SUPPLIED MATERIAL:
....

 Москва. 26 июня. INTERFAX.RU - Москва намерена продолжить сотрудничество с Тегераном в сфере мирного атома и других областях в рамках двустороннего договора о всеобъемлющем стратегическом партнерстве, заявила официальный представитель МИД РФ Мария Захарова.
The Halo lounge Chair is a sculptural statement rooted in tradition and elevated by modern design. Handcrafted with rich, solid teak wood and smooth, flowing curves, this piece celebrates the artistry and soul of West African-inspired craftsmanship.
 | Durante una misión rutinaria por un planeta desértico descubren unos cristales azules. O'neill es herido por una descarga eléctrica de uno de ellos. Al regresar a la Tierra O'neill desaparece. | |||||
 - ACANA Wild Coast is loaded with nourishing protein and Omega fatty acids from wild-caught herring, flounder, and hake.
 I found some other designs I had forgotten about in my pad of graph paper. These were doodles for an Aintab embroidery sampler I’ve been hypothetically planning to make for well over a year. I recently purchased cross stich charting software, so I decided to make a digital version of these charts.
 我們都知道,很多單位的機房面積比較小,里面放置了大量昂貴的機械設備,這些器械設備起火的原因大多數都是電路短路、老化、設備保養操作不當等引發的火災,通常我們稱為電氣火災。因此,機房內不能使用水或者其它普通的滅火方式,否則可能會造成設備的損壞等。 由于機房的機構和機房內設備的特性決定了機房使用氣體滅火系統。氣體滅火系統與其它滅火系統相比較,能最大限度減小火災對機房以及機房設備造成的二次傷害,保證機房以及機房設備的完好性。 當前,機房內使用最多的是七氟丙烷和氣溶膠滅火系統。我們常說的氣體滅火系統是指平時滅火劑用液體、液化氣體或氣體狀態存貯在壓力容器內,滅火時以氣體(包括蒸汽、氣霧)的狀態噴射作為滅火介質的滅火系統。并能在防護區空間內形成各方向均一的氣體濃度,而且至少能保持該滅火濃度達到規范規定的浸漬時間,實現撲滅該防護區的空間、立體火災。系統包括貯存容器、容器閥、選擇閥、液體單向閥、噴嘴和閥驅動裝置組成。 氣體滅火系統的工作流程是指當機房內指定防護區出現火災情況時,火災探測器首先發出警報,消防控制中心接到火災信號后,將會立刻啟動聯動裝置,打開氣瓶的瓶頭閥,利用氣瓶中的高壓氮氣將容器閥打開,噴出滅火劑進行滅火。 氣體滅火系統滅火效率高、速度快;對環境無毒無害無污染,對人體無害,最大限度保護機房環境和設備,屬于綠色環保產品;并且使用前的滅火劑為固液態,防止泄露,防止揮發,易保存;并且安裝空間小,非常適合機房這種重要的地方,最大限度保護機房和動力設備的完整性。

....

TASK STATEMENT: Return the whole listing exactly as it reads.

EXERCISE ANSWER:
 Москва. 26 июня. INTERFAX.RU - Москва намерена продолжить сотрудничество с Тегераном в сфере мирного атома и других областях в рамках двустороннего договора о всеобъемлющем стратегическом партнерстве, заявила официальный представитель МИД РФ Мария Захарова.
The Halo lounge Chair is a sculptural statement rooted in tradition and elevated by modern design. Handcrafted with rich, solid teak wood and smooth, flowing curves, this piece celebrates the artistry and soul of West African-inspired craftsmanship.
 | Durante una misión rutinaria por un planeta desértico descubren unos cristales azules. O'neill es herido por una descarga eléctrica de uno de ellos. Al regresar a la Tierra O'neill desaparece. | |||||
 - ACANA Wild Coast is loaded with nourishing protein and Omega fatty acids from wild-caught herring, flounder, and hake.
 I found some other designs I had forgotten about in my pad of graph paper. These were doodles for an Aintab embroidery sampler I’ve been hypothetically planning to make for well over a year. I recently purchased cross stich charting software, so I decided to make a digital version of these charts.
 我們都知道,很多單位的機房面積比較小,里面放置了大量昂貴的機械設備,這些器械設備起火的原因大多數都是電路短路、老化、設備保養操作不當等引發的火災,通常我們稱為電氣火災。因此,機房內不能使用水或者其它普通的滅火方式,否則可能會造成設備的損壞等。 由于機房的機構和機房內設備的特性決定了機房使用氣體滅火系統。氣體滅火系統與其它滅火系統相比較,能最大限度減小火災對機房以及機房設備造成的二次傷害,保證機房以及機房設備的完好性。 當前,機房內使用最多的是七氟丙烷和氣溶膠滅火系統。我們常說的氣體滅火系統是指平時滅火劑用液體、液化氣體或氣體狀態存貯在壓力容器內,滅火時以氣體(包括蒸汽、氣霧)的狀態噴射作為滅火介質的滅火系統。并能在防護區空間內形成各方向均一的氣體濃度,而且至少能保持該滅火濃度達到規范規定的浸漬時間,實現撲滅該防護區的空間、立體火災。系統包括貯存容器、容器閥、選擇閥、液體單向閥、噴嘴和閥驅動裝置組成。 氣體滅火系統的工作流程是指當機房內指定防護區出現火災情況時,火災探測器首先發出警報,消防控制中心接到火災信號后,將會立刻啟動聯動裝置,打開氣瓶的瓶頭閥,利用氣瓶中的高壓氮氣將容器閥打開,噴出滅火劑進行滅火。 氣體滅火系統滅火效率高、速度快;對環境無毒無害無污染,對人體無害,最大限度保護機房環境和設備,屬于綠色環保產品;并且使用前的滅火劑為固液態,防止泄露,防止揮發,易保存;并且安裝空間小,非常適合機房這種重要的地方,最大限度保護機房和動力設備的完整性。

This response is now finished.